SUPPLIED DATA
== Segment start ==

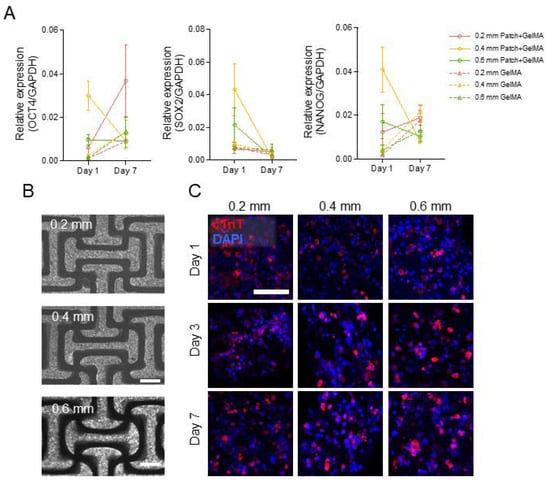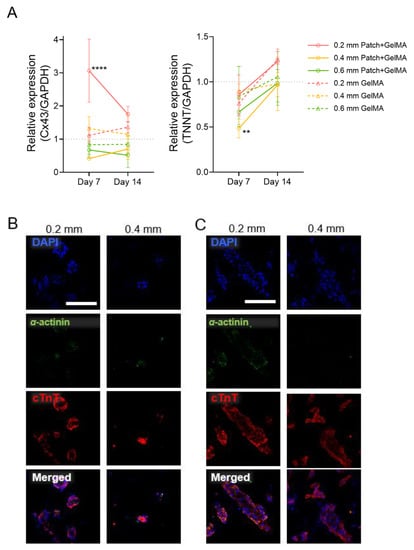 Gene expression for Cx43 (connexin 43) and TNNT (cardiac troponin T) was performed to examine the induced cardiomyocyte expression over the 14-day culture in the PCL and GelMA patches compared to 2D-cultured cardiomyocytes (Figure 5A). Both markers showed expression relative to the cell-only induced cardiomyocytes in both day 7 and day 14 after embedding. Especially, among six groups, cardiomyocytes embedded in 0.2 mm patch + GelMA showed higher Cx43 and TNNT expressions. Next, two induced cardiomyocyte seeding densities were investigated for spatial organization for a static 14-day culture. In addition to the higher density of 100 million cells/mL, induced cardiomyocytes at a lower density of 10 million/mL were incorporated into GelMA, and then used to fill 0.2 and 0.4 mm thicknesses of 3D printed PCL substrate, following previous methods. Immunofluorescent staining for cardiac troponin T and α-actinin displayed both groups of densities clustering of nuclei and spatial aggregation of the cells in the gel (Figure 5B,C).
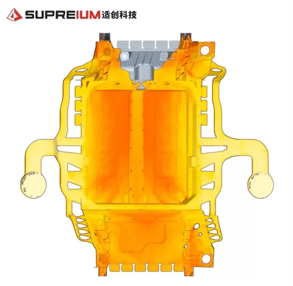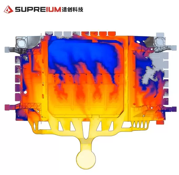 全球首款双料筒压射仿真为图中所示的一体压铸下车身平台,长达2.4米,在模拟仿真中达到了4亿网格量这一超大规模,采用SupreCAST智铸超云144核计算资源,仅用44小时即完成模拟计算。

== Segment end ==
== Segment start ==

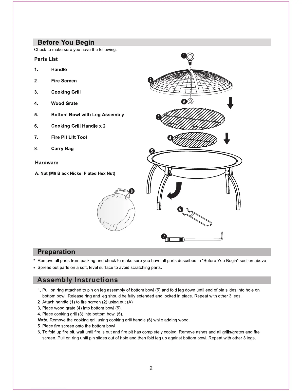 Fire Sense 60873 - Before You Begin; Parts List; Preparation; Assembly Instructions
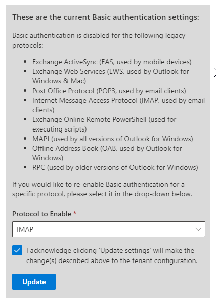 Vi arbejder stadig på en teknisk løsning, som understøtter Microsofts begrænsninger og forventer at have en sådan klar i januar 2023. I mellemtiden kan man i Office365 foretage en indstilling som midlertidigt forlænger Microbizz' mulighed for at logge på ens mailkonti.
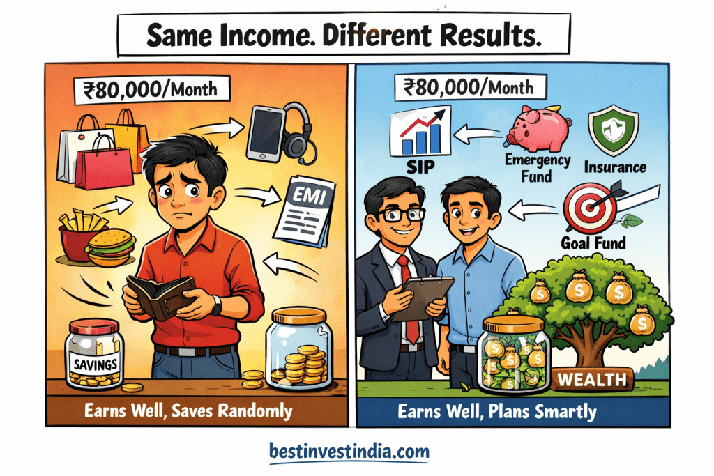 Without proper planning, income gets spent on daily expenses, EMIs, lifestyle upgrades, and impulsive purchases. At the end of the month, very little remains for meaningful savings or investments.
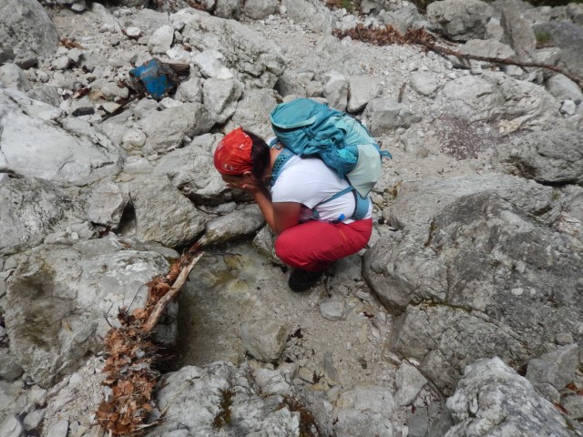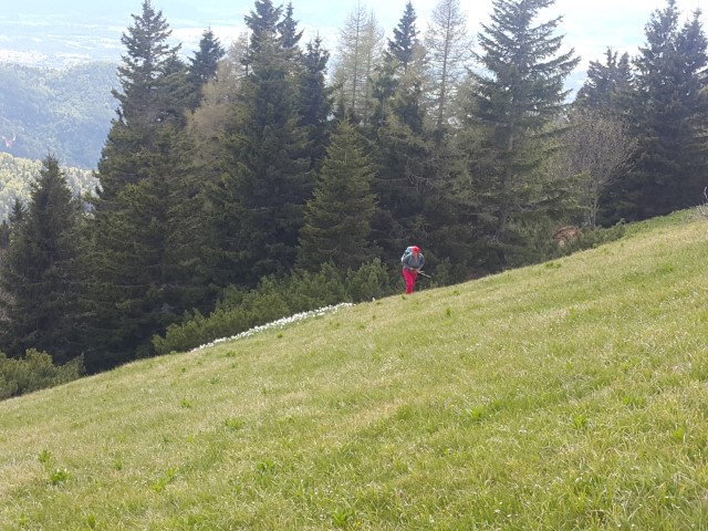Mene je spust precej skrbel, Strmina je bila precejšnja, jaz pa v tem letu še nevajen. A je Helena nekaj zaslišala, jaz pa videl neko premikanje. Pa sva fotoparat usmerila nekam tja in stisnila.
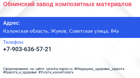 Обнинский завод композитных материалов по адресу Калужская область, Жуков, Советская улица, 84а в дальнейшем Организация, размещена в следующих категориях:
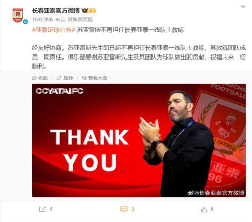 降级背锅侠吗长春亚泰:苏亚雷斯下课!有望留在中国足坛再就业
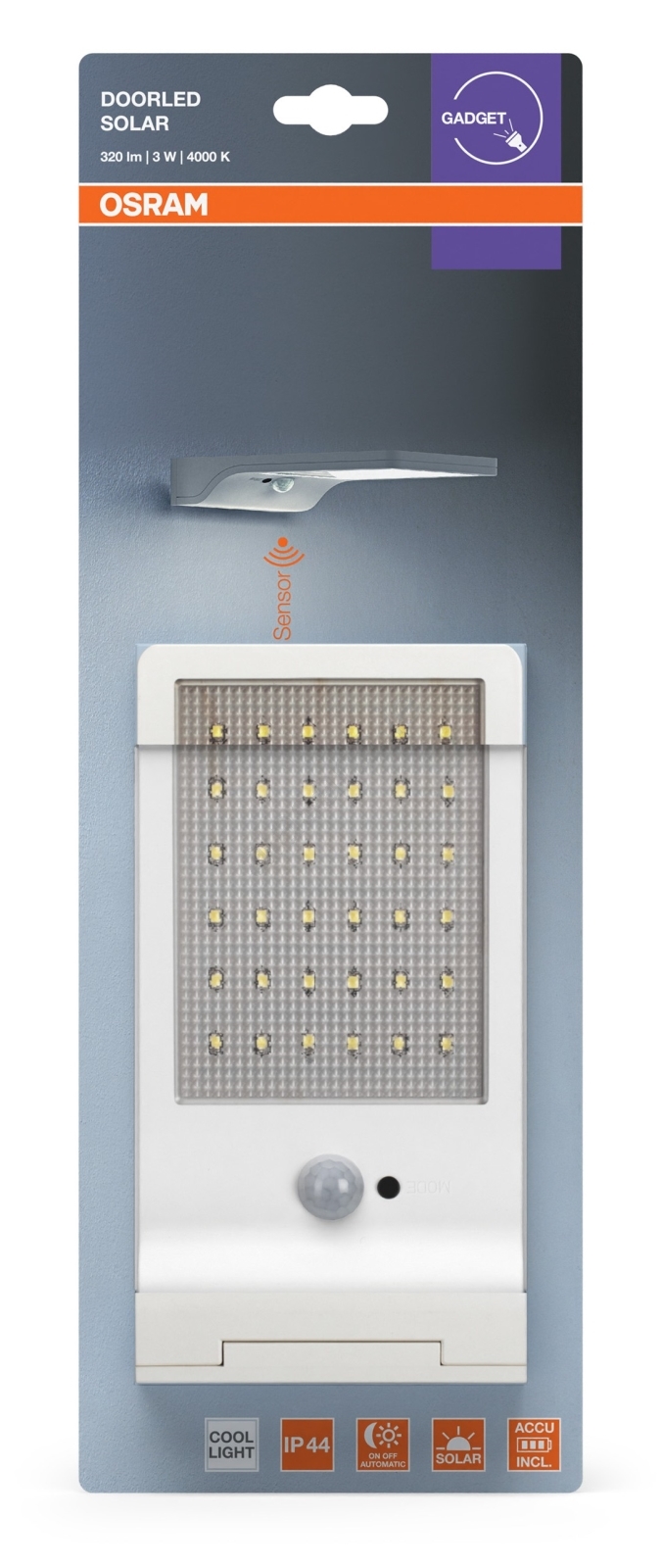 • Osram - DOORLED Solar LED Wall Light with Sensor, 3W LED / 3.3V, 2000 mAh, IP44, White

== Segment end ==
== Segment start ==

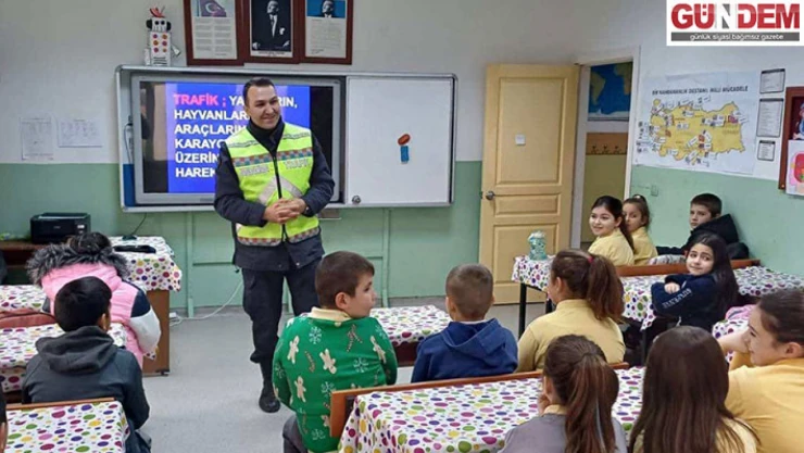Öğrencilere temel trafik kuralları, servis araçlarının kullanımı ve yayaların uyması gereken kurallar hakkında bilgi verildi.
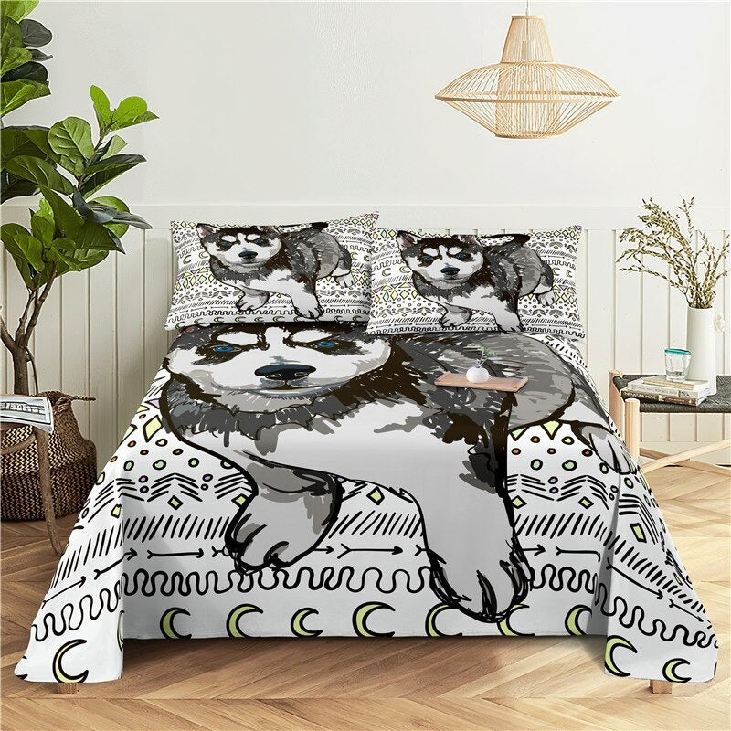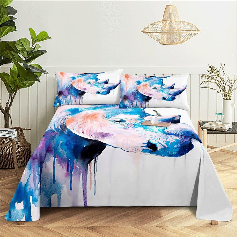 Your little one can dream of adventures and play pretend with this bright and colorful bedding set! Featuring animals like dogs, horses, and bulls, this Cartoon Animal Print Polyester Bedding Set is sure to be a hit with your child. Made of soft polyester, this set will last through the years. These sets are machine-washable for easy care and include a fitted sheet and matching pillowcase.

== Segment end ==

WHAT THIS TASK INVOLVES
Word for word, repeat the lines above from the one with "Without proper planning, income" through the one with "mAh, IP44, White", and nothing beyond them. Omit the pictures.

SOLUTION TO THE PROBLEM
 Without proper planning, income gets spent on daily expenses, EMIs, lifestyle upgrades, and impulsive purchases. At the end of the month, very little remains for meaningful savings or investments.
Mene je spust precej skrbel, Strmina je bila precejšnja, jaz pa v tem letu še nevajen. A je Helena nekaj zaslišala, jaz pa videl neko premikanje. Pa sva fotoparat usmerila nekam tja in stisnila.
 Обнинский завод композитных материалов по адресу Калужская область, Жуков, Советская улица, 84а в дальнейшем Организация, размещена в следующих категориях:
 降级背锅侠吗长春亚泰:苏亚雷斯下课!有望留在中国足坛再就业
 • Osram - DOORLED Solar LED Wall Light with Sensor, 3W LED / 3.3V, 2000 mAh, IP44, White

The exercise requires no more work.